_Action item_:
From the entries below, return exactly the lines beginning at the one that contains "Funda para Sony" and ending at the one that contains "With NEC's recent", both of them included, and only those lines.

_Extracted records_:

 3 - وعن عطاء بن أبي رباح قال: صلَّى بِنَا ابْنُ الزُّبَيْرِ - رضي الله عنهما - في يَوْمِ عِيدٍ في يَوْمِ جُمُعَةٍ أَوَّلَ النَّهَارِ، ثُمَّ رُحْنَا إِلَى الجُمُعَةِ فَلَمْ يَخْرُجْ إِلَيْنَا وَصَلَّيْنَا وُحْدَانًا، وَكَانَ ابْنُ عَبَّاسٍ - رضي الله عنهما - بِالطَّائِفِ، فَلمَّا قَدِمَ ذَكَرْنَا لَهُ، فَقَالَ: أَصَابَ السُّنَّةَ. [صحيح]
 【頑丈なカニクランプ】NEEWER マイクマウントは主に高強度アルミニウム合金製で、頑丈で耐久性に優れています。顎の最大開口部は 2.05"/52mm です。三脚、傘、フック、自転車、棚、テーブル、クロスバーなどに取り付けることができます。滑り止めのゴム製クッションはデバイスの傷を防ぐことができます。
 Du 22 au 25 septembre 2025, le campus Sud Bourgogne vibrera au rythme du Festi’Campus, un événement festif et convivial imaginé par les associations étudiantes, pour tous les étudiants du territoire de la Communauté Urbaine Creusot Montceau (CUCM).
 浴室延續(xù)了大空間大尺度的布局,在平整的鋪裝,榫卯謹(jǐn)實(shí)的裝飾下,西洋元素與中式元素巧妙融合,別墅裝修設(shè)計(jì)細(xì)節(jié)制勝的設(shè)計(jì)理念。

---

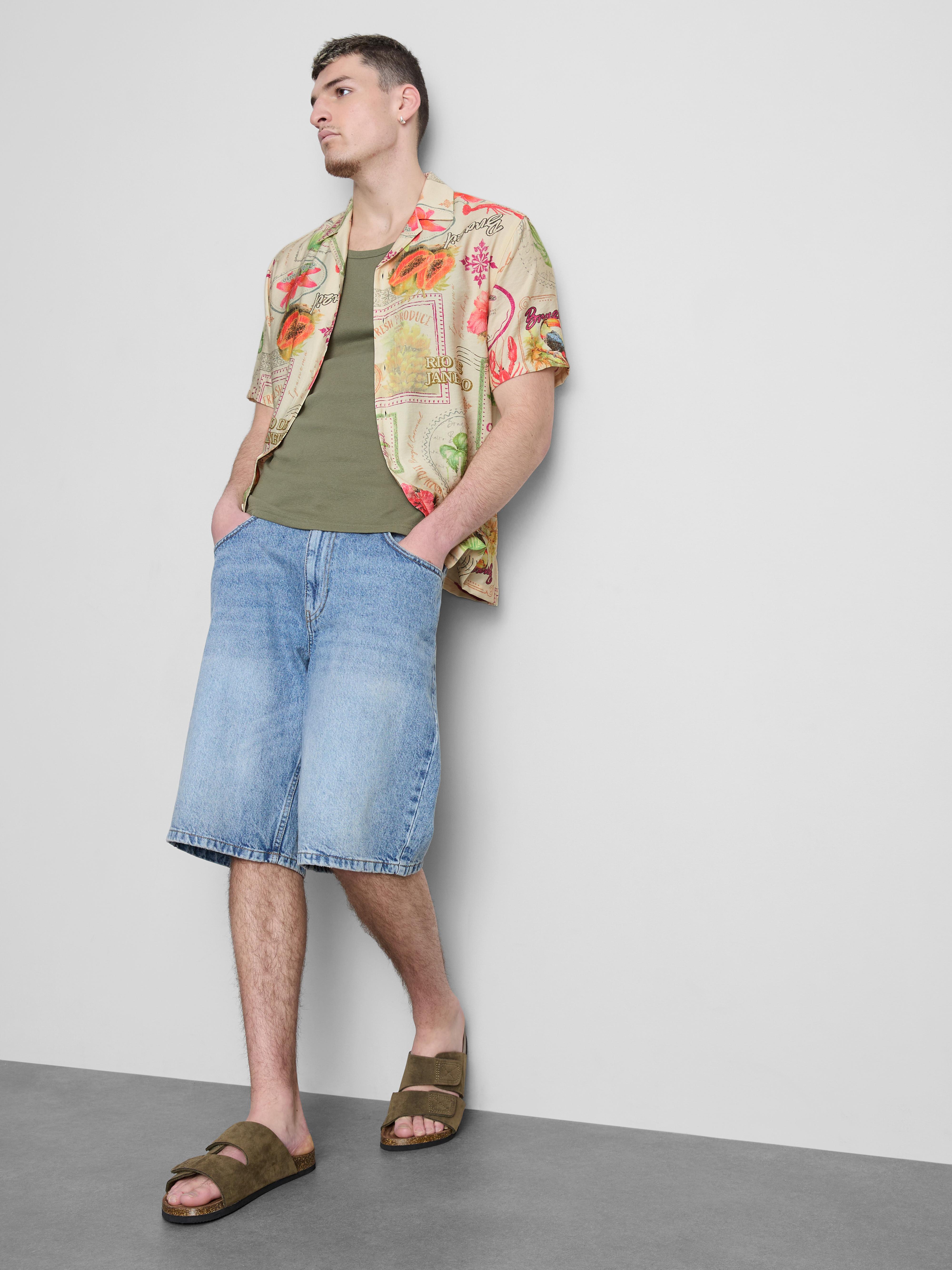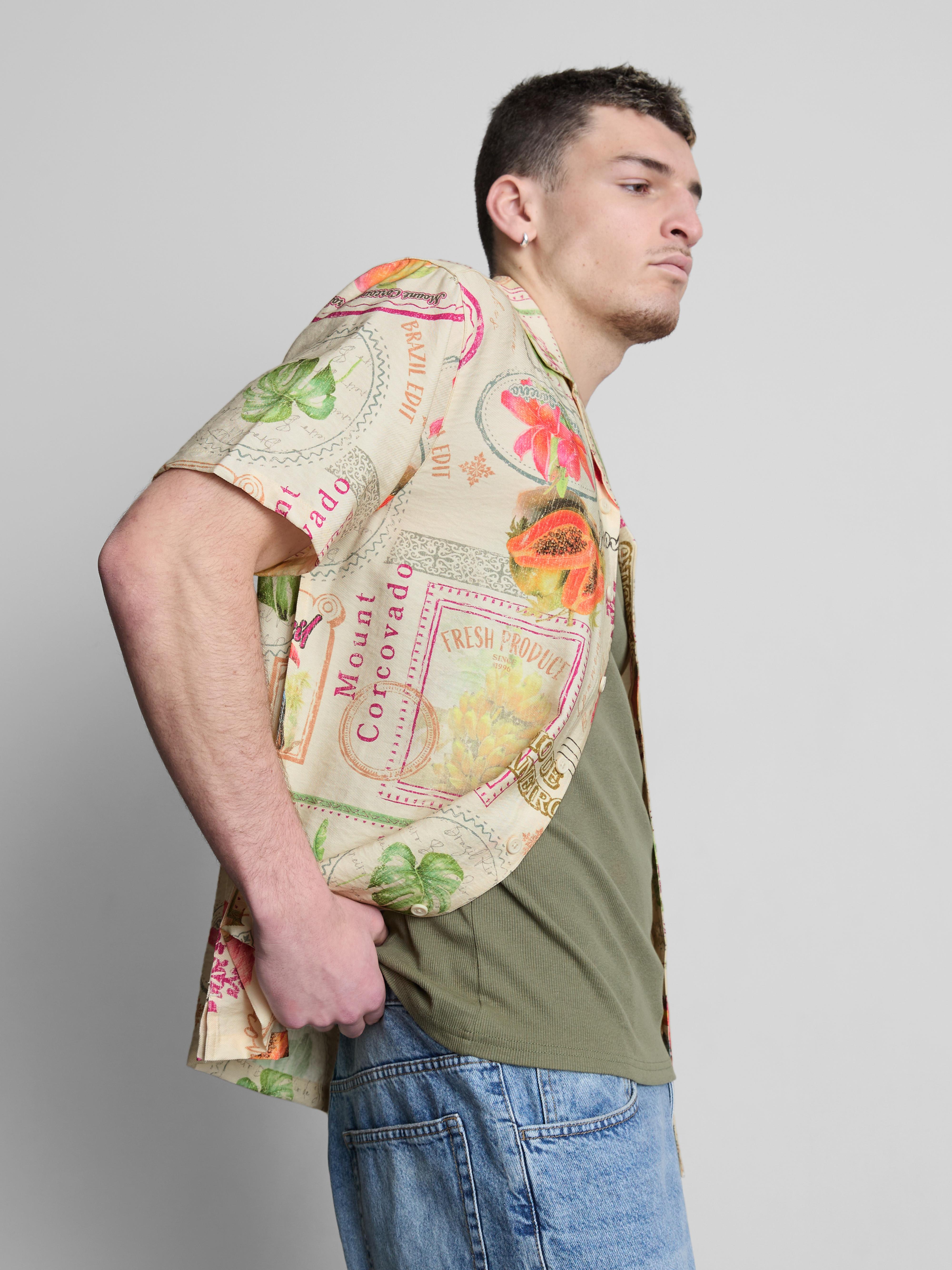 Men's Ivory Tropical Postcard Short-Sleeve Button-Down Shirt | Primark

---

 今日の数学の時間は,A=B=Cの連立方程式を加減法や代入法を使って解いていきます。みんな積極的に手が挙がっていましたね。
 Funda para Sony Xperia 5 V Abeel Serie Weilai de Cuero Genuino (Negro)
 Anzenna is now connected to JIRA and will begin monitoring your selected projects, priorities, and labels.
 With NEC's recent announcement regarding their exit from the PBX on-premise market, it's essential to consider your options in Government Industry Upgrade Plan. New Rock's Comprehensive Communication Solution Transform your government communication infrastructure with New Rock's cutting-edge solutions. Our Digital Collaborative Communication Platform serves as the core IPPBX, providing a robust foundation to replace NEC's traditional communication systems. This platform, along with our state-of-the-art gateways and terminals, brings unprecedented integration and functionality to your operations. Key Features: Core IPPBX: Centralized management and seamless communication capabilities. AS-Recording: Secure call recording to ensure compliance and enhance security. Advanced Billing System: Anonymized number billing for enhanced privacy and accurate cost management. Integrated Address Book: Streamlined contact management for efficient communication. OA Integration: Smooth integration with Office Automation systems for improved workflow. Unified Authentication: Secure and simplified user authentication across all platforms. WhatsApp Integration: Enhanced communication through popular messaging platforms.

_Written reply_:
 Funda para Sony Xperia 5 V Abeel Serie Weilai de Cuero Genuino (Negro)
 Anzenna is now connected to JIRA and will begin monitoring your selected projects, priorities, and labels.
 With NEC's recent announcement regarding their exit from the PBX on-premise market, it's essential to consider your options in Government Industry Upgrade Plan. New Rock's Comprehensive Communication Solution Transform your government communication infrastructure with New Rock's cutting-edge solutions. Our Digital Collaborative Communication Platform serves as the core IPPBX, providing a robust foundation to replace NEC's traditional communication systems. This platform, along with our state-of-the-art gateways and terminals, brings unprecedented integration and functionality to your operations. Key Features: Core IPPBX: Centralized management and seamless communication capabilities. AS-Recording: Secure call recording to ensure compliance and enhance security. Advanced Billing System: Anonymized number billing for enhanced privacy and accurate cost management. Integrated Address Book: Streamlined contact management for efficient communication. OA Integration: Smooth integration with Office Automation systems for improved workflow. Unified Authentication: Secure and simplified user authentication across all platforms. WhatsApp Integration: Enhanced communication through popular messaging platforms.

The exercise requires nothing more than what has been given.